Consider commercial air travel. Over almost 80 years, since 1945, the total aggregate global profit of all international airlines is estimated at just US$20 billion. Saudi Aramco generates that in just one month, and Microsoft does it in just three months.
While the popularity of products can produce fads, so can investors’ fear of missing out. The latter produces share price fads. Sometimes, if not often now – thanks to social media and easy access to global investing, there can be a fad in the product or service and the share price simultaneously.
Is artificial intelligence (AI) a Fad?
I wonder to what extent there is an element of a fad in the share price and hype surrounding AI-powered large language models.
There is certainly an element of the technology that is transformative for humanity. Indeed, that’s a key ingredient, at least, for a share price fad. Market bubbles almost always build on a kernel of truth – from an entirely sensible, original and rational investment thesis. As the share price starts to go up, it reinforces the validity of the initial thesis. People point to the rising share price after their purchase as proof their thesis was ‘right’. But when the twenty millionth investor hops aboard after the share price has risen 1000 per cent – arguing the same dissertation, we have a fad and a bubble.
Another classic source of fad-like irrational pricing stems from the belief that all participants in a new transformative industry will win.
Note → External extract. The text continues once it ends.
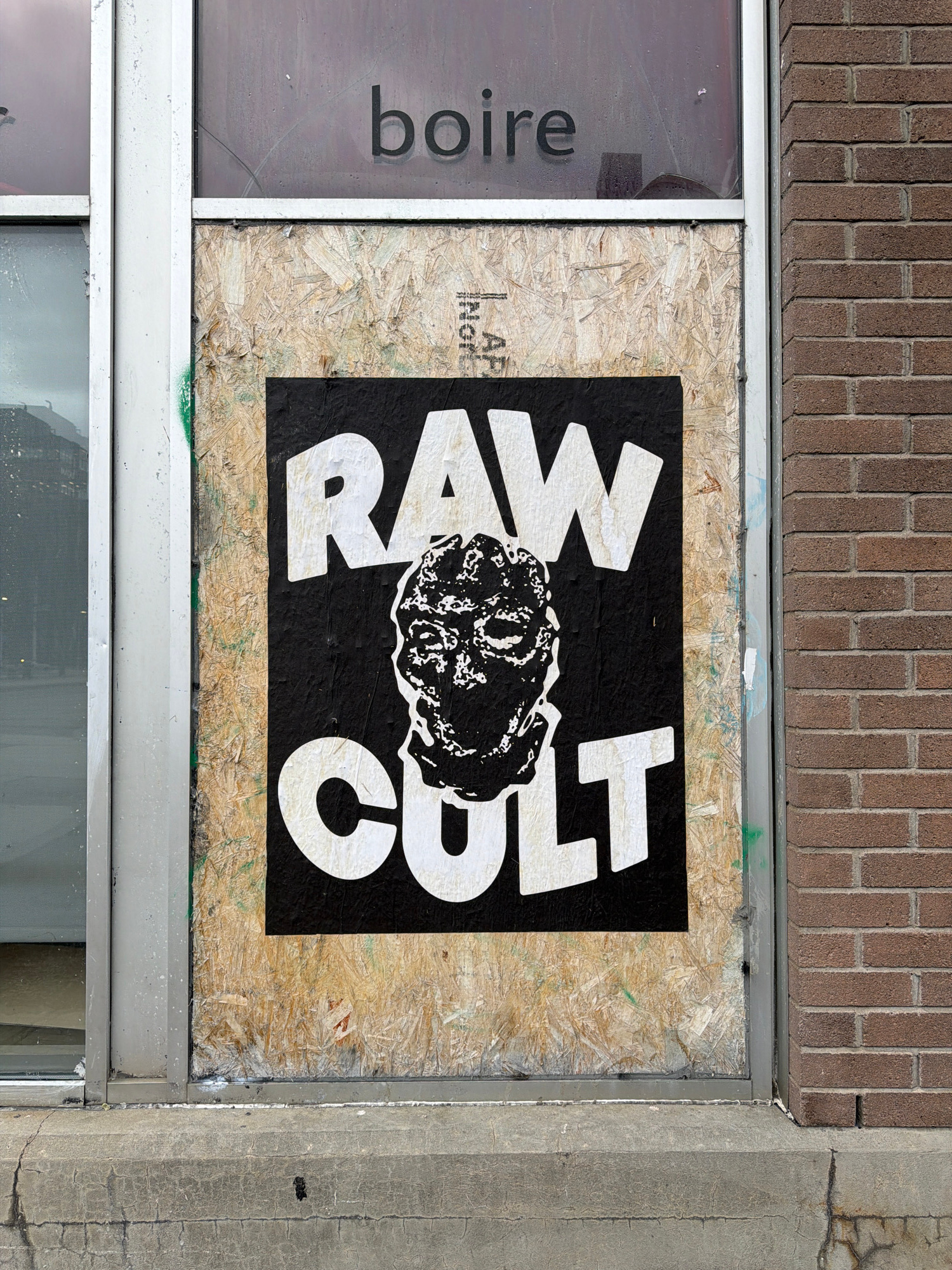 The image shows a storefront in Montreal, Canada, with boarded-up windows. The windows are partially covered by plywood, over which a black and white poster reading "RAW CULT" is affixed. To the left…read more

Bottom up stock analysis produces valuations based on the company in question capturing some ‘share’ of the total addressable market. However, few bottom-up analysts step back to examine the consequences of their assumptions. They rarely if ever aggregate their assumptions. Often the resultant collective sales of all the participants is larger than Earth can possibly support.
I remember the claim in Uber’s prospectus back in 2019 that its TAM (total addressable market) was US$17 trillion. But given global total GDP at the time was $75 trillion and Uber could not operate in China, which represented 15 per cent of the global economy, Uber’s claimed TAM was equivalent to 27 per cent of global GDP. We can safely say that Uber does not have a total addressable market that is more than a quarter of the global economy.
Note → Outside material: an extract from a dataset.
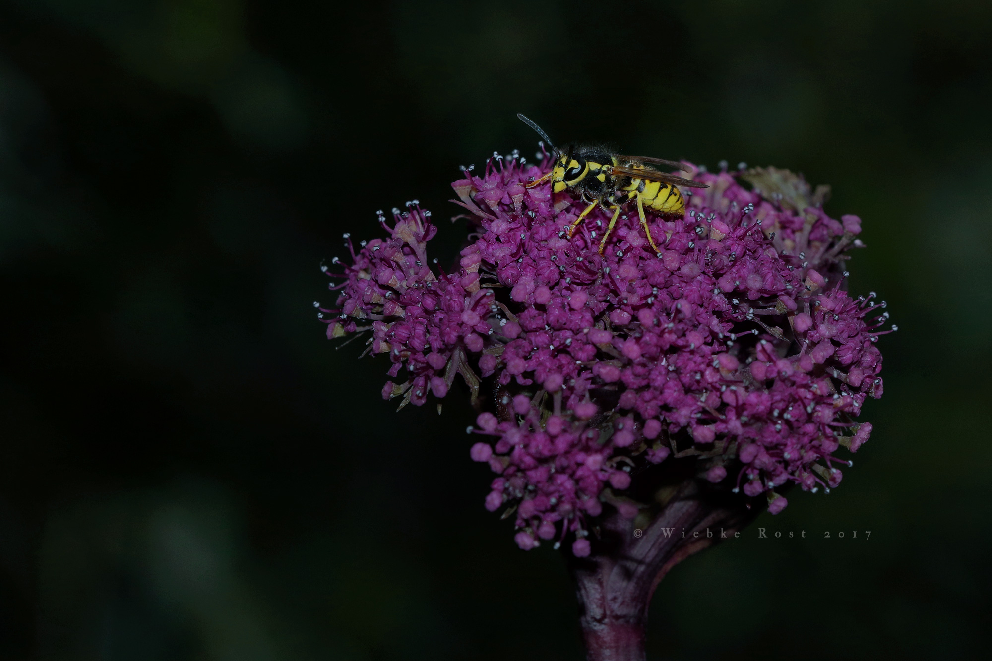 Wasps are pollinators too, yet, this is my first photo of a wasp to join the “flower devils” series. It was there this afternoon, and it was still there this evening, turning around in circles on the flower of Angelica gigas.

Returning to AI-powered large language model’s (LLM), there might be some truth to the idea promoted by its inventors that LLM’s and even small language models (SLMs) can transform the way we live and work. But is there truth to the idea that all players (all seem to have galactic valuations) will win? Clearly not. So some will emerge victorious and most will lose market share or disappear through acquisition or through a lack of investor and consumer support.
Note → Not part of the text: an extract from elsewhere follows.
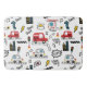 ,A playful, cartoon-style city pattern featuring buses, cars, helicopters, traffic lights, buildings, and fun doodle text like “Beep Beep,” “Wuz Up?” and “Go,” in bright red, yellow, blue, and black tones.

And is there truth to the thesis that LLMs keep scaling towards achieving artificial general intelligence? I have read some of the musing by those close to AI’s development that there simply isn’t enough power on Earth to support the ‘scaling’ path to AGI. Without a clear, feasible path for the technology to leap from LLMs to bigger LLMs to AGI, one wonders whether Open AI’s US$150 billion valuation can be supported, especially when the leading commercial use case is currently companion bots – chatbots that keep people company.
It’s worth noting that ChatGPT-4’s ability improved substantially over GPT-3, but the step to 01 was far more modest. Meanwhile the optimists have Chat GPTs capability curve looking rather like the exponential vinyl disco record sales in Figure 1.
I believe OpenAI and its peers are genuine businesses and I don’t believe LLMs are fads. But I do believe, thanks to hype and the uneven distribution of information that sucks investors into a legitimate thesis late, their valuations reflect an investment fad. People paying today’s prices should expect a significant transformation of their investment along the journey, but perhaps not in a good way.